Siege of Edessa (544)
| Date | March – April 544 AD |
| Location | Edessa, Mesopotamia, Byzantine Empire (modern-day Şanlıurfa, Turkey)37°09′N 38°48′E﻿ / ﻿37.15°N 38.8°E |
| Result | Byzantine victory Siege abandoned; Edessanes pay 5 centenaria of gold to the Sasanians |

Belligerents
- Sasanian Empire Huns^{[citation needed]} Lakhmids (not engaged): Byzantine Empire Huns^{[citation needed]}

Commanders and leaders
- Khosrow I; Azarethes;: Martinus; Peranius; Peter;

= Siege of Edessa (544) =

544 AD siege of Byzantine Edessa by the Sasanian Empire

The siege of Edessa (then known as Justinopolis) occurred in 544 AD during an invasion of the Byzantine Empire ruled by Justinian I by the Sasanian Empire under Khosrow I in the midst of the ongoing Lazic War in the north. The city withstood the fierce siege. Due to the religious nature of the city, some Christian traditions have attributed the result of the conflict to divine intervention.

==Background==
In the midst of the initial phase of the Lazic War, Khosrow I was encouraged to invade via the Mesopotamian front. It was the fourth invasion of the Byzantine territory by Khosrow I. Edessa and Dara were the main strongholds of Roman Mesopotamia at the time. The Byzantine historian Procopius has provided an especially detailed account of the siege.

==Siege==
After a minor skirmish which ended in a stalemate, the Sasanians offered the Byzantines to buy peace, but the negotiations failed as the Byzantines rejected the condition of giving up all the wealth inside the fortifications.

On the eighth day, the Sasanians began constructing a large mound (in Latin: agesta) made of trees, earth, and rubble, against the city wall. The Byzantines made attempts to stop its construction, first by a surprise raid, and then by shooting, but the construction continued. Thus they sent Stephanus to negotiate with Khosrow I; he was a physician who had previously cured Khosrow I's father, Kavad I. Khosrow I demanded the delivery of Peter and Peranius, or alternatively payment of 500 centenaria of gold, or all of the silver and gold that was in the city; this offer was refused. As the mound reached a great height, another envoy was sent to the Sasanian camp, but they were insulted and sent back. The Byzantines tried to over-top the wall opposite the mound by constructing a new structure, but this failed. Martinus then engaged in frequent peace talks with Sasanian commanders.

Meanwhile, the Byzantines were tunneling to reach the middle of the mound, and although a first tunnel was discovered, the Byzantines eventually managed to set fire to the mound from beneath using sulfur, bitumen, and wood. After unsuccessful attempts to extinguish the fire, the entire mound was eventually consumed by fire and the Sasanians abandoned it.
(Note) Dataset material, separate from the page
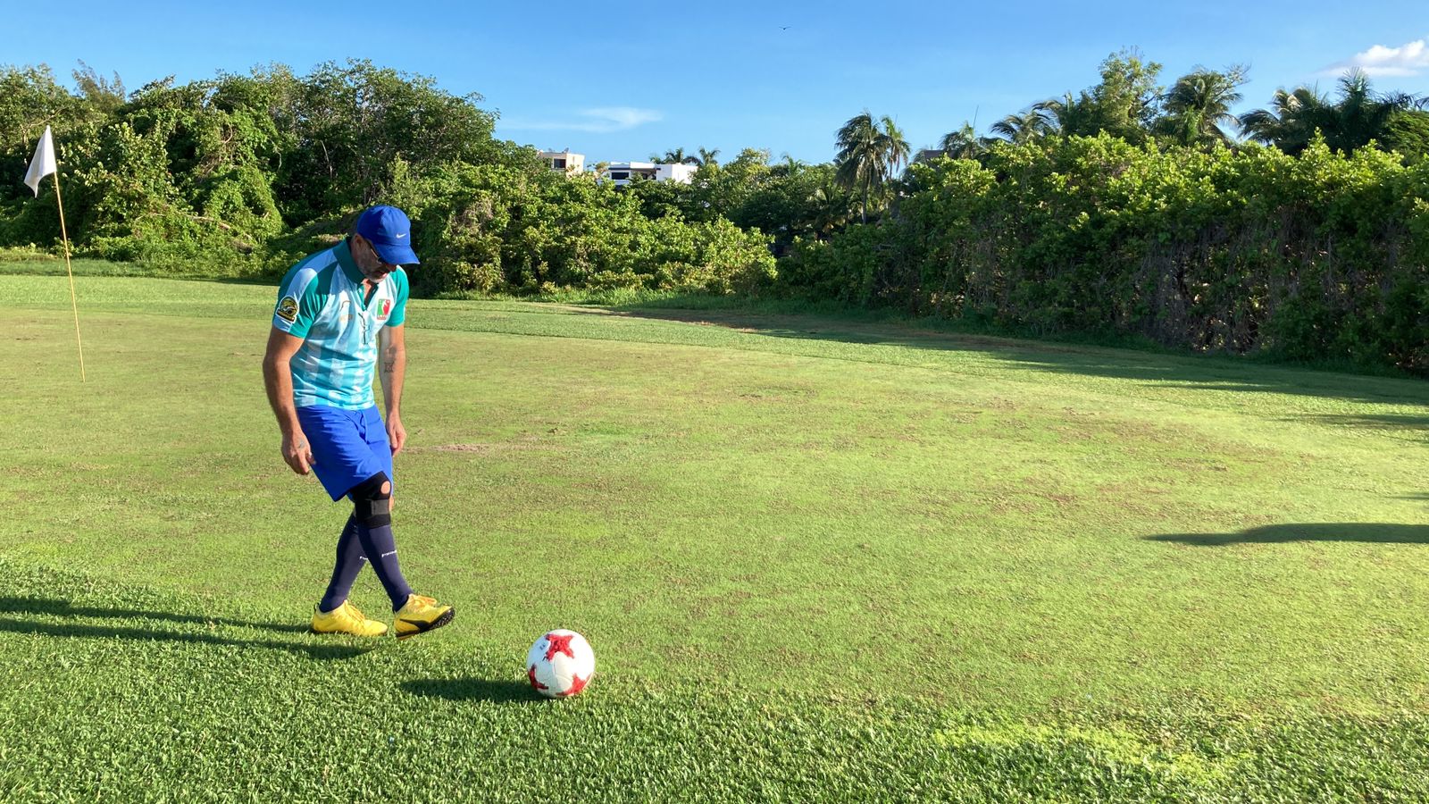 Cancún, Q. Roo, Lunes 27 de Septiembre de 2021, poderycrítica.- Erick “Pantera” Sánchez se consolidando como un referente del FootGolf de Cancún y la mañana de este domingo no fue la excepción, con un certero ritmo de juego cerró la 3r Fecha de la Copa de FootGolf Quintana Roo entregando tarjeta de -9 en un trazado alterno en el recorrido de la laguna del Club de Golf Pok Ta Pok, que en esta ocasión fue par 69.

A surprise Sasanian assault using ladders at dawn, and another assault against the "Great Gate" later in the day were defeated. The Sasanians then announced that Rhecinarius, the envoy from Emperor Justinian I to arrange the peace treaty, had arrived. As the envoy entered the city, the Byzantines refused to begin negotiations immediately. Khosrow I then encircled the city with all the army and siege equipment. The ensuing assault initially favored the Sasanians, but it eventually failed and Khosrow I ordered a withdrawal. The Sasanian contingent under Azarethes was still fighting and making progress at one of the gates, but were driven back by the regrouped Byzantines and citizens under Peranius.

Another Sasanian assault against another one of the gates two days later was also unsuccessful, and then an armistice was agreed upon as the Edessanes paid 5 centenaria (500 pounds) of gold.

==Aftermath==
A five-year truce was agreed between the Sasanians and the Byzantines a year later in 545.

Some Christian traditions attribute the successful defense to the Image of Edessa, a holy relic that was kept in the city. Others such as the Syriac Chronicle of Edessa written in the same decade that the siege occurred, also claim divine interventions. Nevertheless, the city later fell in 610 during the Byzantine–Sasanian War of 602–628.